Željko Aničić

Personal information
- Full name: Željko Aničić
- Date of birth: 25 August 1974 (age 51)
- Place of birth: Belgrade, Serbia
- Position: Forward

Senior career*
- Years: Team / Apps / (Gls)
- 2003: Pietà Hotspurs
- 2005–2006: Lija Athletic
- 2006–2009: Jeepers
- 2008: Scandals Bar (loan)
- 2009–2010: White Eagles
- 2010–2014: Balzan
- 2014–2016: Lija Athletic

Managerial career
- 2015–2019: Malta (assistant)
- 2017–: Luxol (assistant)
- 2019–2023: Malta

= Željko Aničić =

Georgian footballer

Željko Aničić (Жељко Аничић, /sr/; born in 1974) is a Serbian-Maltese futsal coach and former player who played as a forward, currently a free agent. He last served as head coach of the Malta national futsal team but left the position in August 2023 was replaced by a Romanian coach Gabriel Dobre.

==Club career==
===Football career===
After a spell in North Macedonia, Aničić had a trial with Pietà Hotspurs in 2003. In the 2005–06 Maltese First Division he played for Lija Athletic, which was relegated to the Second Division.

===Futsal career===
Between 2006 and 2009, with a brief loan spell with Scandals in 2008, Aničić was a member of Jeepers. During this period, the Santa Venera side achieved its greatest success, winning the league title in the 2006–07 season and finishing as runners-up in the 2008–09 season. In his first season with the club, Aničić won the Best Futsal Player Award, finishing ahead of Mark Sullivan (Amazon Pago) and Antoine Spiteri (Demons).

The following season, now as a member of White Eagles, Aničić came close to winning the award for Best Futsal Player, finishing second behind his compatriot and eventual winner Aleksandar Ribić.

Aničić's most successful period was from 2012 to 2014, when he was a member of Balzan and won the 2013–14 title, as well as two consecutive cup victories in 2013 and 2014. He was also on the squad that participated in the 2014-15 UEFA Futsal Cup.
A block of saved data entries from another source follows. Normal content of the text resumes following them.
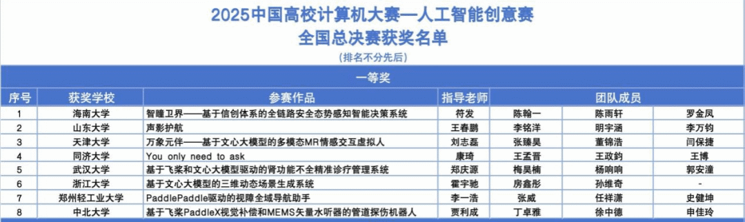 此次C4-AI总决赛由威廉希尔官网承办。大赛吸引了全国4119支队伍共5378名选手参赛。他们基于百度飞桨、文心大模型等技术平台打造了800多个创意AI应用,覆盖教育、文化、健康、交通、农林业、工业等十余个领域。经过层层选拔,最终来自威廉希尔官网、浙江大学、武汉大学、山东大学等高校的59支队伍闯入总决赛。经过多轮严格的答辩和专家评委的评审,总决赛产生一等奖8个、二等奖16个项目和三等奖35个。
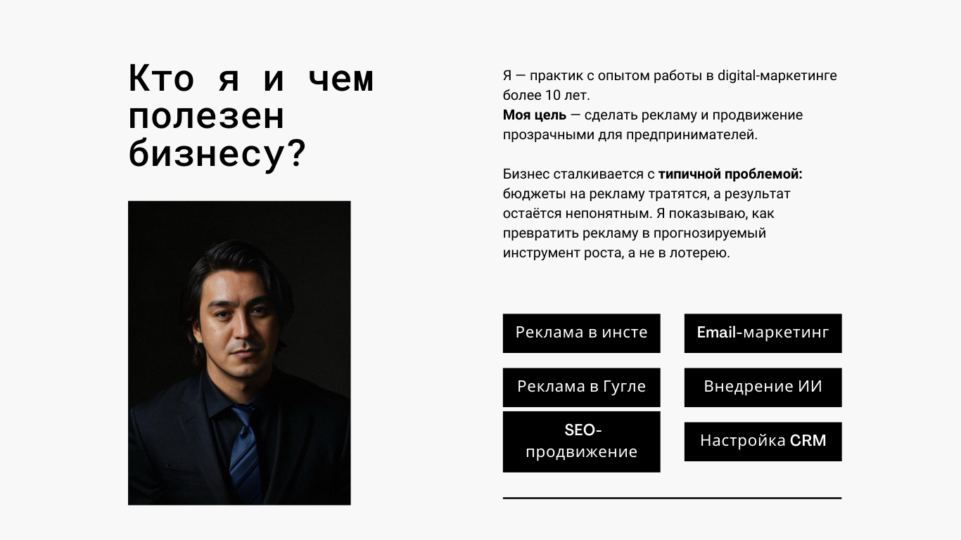 Помогаю предпринимателям получать клиентов из Instagram, Facebook, Google, Яндекса и других каналов.
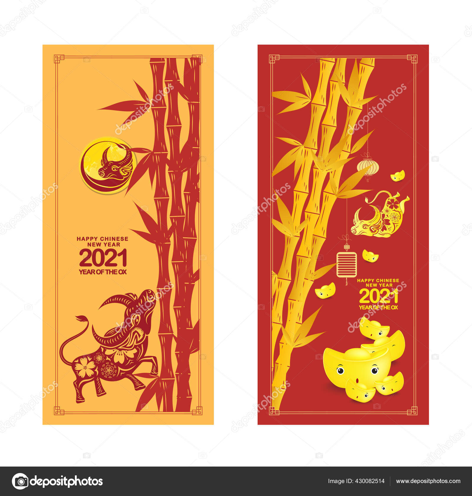 Set Feliz Año Nuevo Chino 2021 Banners Verticales Para Redes — Vector de stock © ngocdai86 #430082514
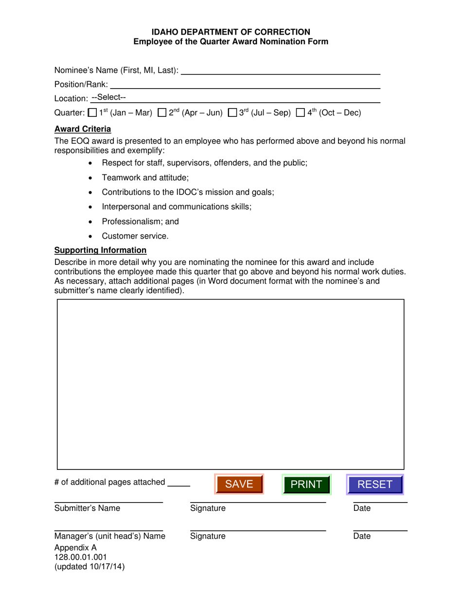 Idaho Employee Of The Quarter Award Nomination Form Fill Out Sign Online And Download PDF Templateroller
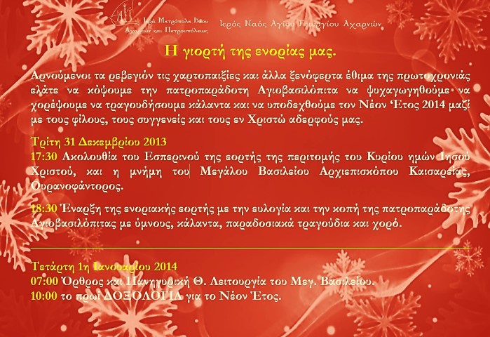 Η χριστουγεννιάτικη γιορτή της ενορίας του Αγ. Γεωργίου Αχαρνών είχε κι εφέτος πλούσιο πρόγραμμα! Τα παιδιά προετοιμάστηκαν και απέδωσαν με τον καλύτερο τρόπο όσα με κέφι και μεράκι τους δίδαξαν οι υπεύθυνοι των κατηχητικών ομάδων. Και του χρόνου!

On 29 August 2012, Leotar's futsal department (Republika Srpska, Bosnia and Herzegovina) defeated Balzan 9–1 in the 2012–13 UEFA Futsal Cup preliminary round. The following day, Balzan lost 3–0 to Lexmax Chișinău of Moldova.
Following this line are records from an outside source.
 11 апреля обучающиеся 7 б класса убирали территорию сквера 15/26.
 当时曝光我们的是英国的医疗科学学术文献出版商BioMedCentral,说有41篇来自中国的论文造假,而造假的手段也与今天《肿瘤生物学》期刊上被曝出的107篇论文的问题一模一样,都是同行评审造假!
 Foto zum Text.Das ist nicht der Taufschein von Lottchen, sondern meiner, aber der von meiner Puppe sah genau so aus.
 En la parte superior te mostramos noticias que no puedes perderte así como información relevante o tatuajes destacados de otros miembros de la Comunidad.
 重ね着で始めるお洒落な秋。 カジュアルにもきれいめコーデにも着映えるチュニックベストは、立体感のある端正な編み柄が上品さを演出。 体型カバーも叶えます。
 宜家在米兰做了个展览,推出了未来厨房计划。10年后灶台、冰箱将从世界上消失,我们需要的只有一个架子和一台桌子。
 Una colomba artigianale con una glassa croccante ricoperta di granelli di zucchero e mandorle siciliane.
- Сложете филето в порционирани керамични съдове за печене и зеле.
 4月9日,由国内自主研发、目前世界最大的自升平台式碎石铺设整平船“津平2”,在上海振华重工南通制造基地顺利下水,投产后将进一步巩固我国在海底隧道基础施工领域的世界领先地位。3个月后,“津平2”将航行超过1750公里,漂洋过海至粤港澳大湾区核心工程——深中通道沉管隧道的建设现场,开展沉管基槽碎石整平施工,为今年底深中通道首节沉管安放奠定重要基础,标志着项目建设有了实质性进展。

After leaving Balzan, Aničić spent two seasons with Lija.

==Coaching career==
Prior to being appointed head coach of the Malta national futsal team in 2019, he had served as assistant to Peter Pullicino and Vic Hermans since 2015.

==Personal life==

Aničić is the younger brother of Dragan Aničić, a Serbian football manager who managed several clubs in Serbia and Montenegro.